Real-time local TTS (31M params, 5.6x CPU, voice cloning, ONNX)
Hi guys and gals, I made a TTS model based on my highly upgraded VITS base, conditioned on external speaker embeddings (Resemble AI's Resemblyzer). The model, with ~31M parameters (ONNX), is tuned for latency and local inference, and comes already exported. I was trying to push the limits of what I could do with small, fast models. Runs 5.6x realtime on a server CPU It supports voice cloning, voice blending (mix two or more speakers to make a new voice), the license is Apache 2.0 and it uses DeepPhonemizer (MIT) for the phonemization, so no license issues. The repo contains the checkpoint, how to run it, and links to Colab and HuggingFace demos. Now, because it's tiny, audio quality isn't the best, and as it was trained on LibriTTS-R + VCTK (both fully open datasets), speaker similarity isn't as good. Regardless, I hope it's useful.
- AI Agent
- Content Creation
- Multilingual
✨ AI Summary
A lightweight, real-time text-to-speech model optimized for local CPU inference, offering voice cloning and blending capabilities. It prioritizes speed and low resource usage over the highest audio quality and speaker similarity.
Best For
Developers needing fast, local TTS for applications, Hobbyists experimenting with voice synthesis on limited hardware, Projects requiring permissive Apache 2.0 licensing
Why It Matters
It provides a fast, locally-runnable TTS solution with voice manipulation features, balancing capability with a small model size suitable for CPU deployment.
Key Features
- Real-time text-to-speech with 5.6x faster than real-time performance on server CPUs
- Voice cloning using external speaker embeddings from Resemblyzer
- Voice blending to mix multiple speakers and create new voices
- Local inference optimized for low latency with pre-exported ONNX model
Use Cases
- A developer building an offline accessibility tool for a Raspberry Pi needs a lightweight TTS engine that can run without GPU acceleration and generate speech from user-provided text in real-time.

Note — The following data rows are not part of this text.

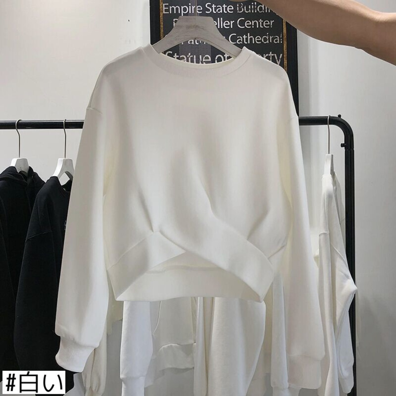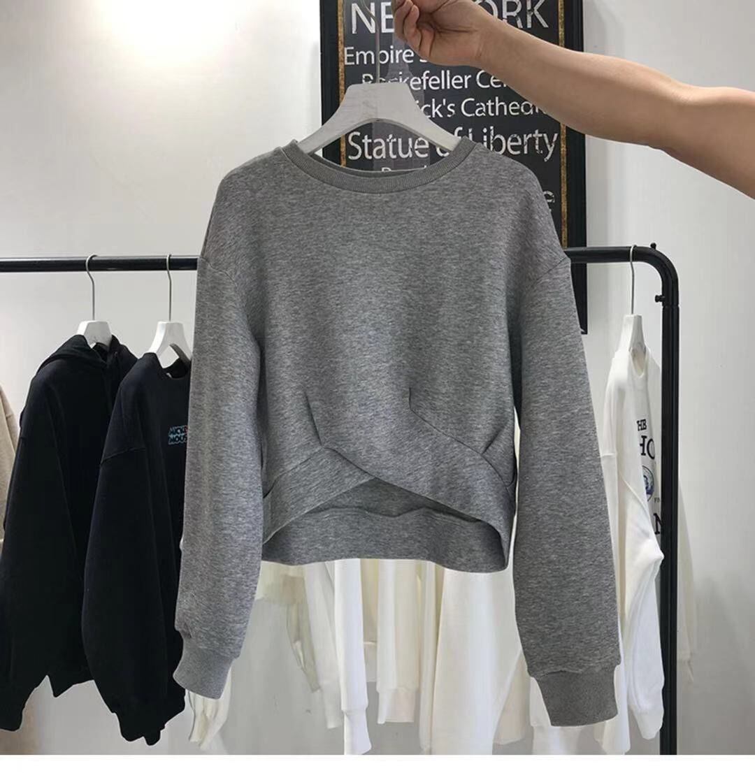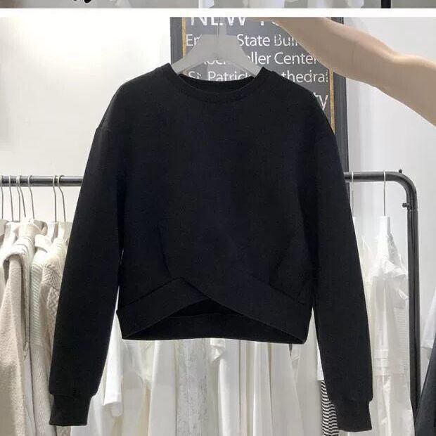 セーター レディーススプリングオータムスタイルショートルーズラウンドネックブラウス 春物 秋物 Oネック 普寧56794836216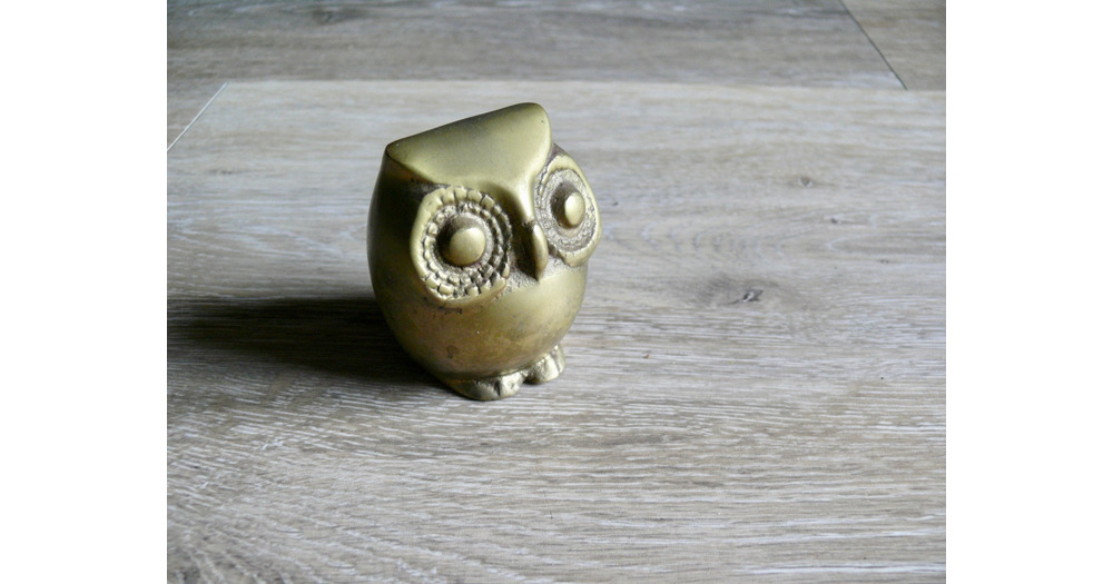 Vintage Brass Owl Figurine, Big Eye Paperweight Totem, Boho Desk Shelf Decor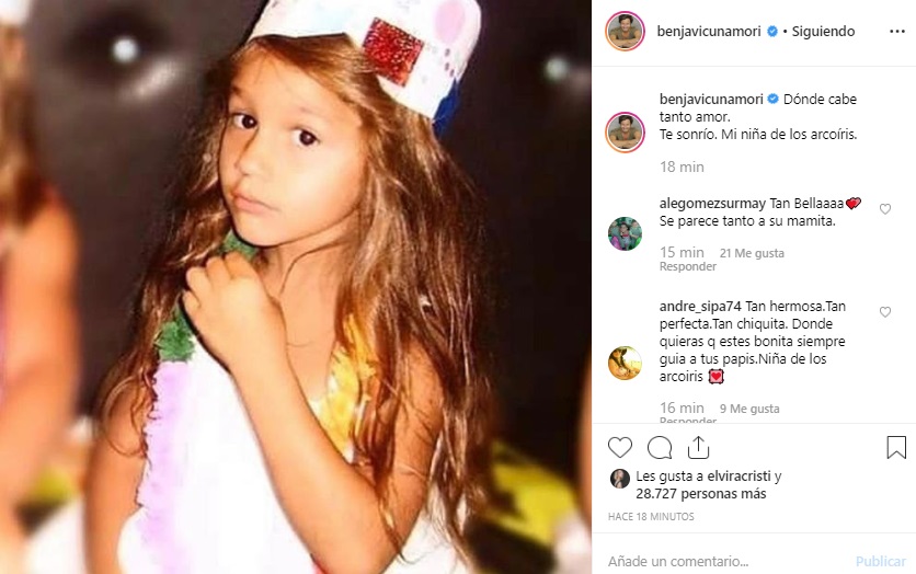 "Dónde cabe tanto amor. Te sonrío. Mi niña de los arcoíris", escribió Benjamín para acompañar la postal.

- An indie game creator wants to add dynamic voice narration to their low-resource PC game by cloning a friend's voice for character dialogue without relying on cloud APIs or expensive licensing.
- A researcher prototyping a personalized language learning app on a budget server needs to blend two accent samples to create a unique tutor voice for pronunciation exercises, ensuring all components are open-source.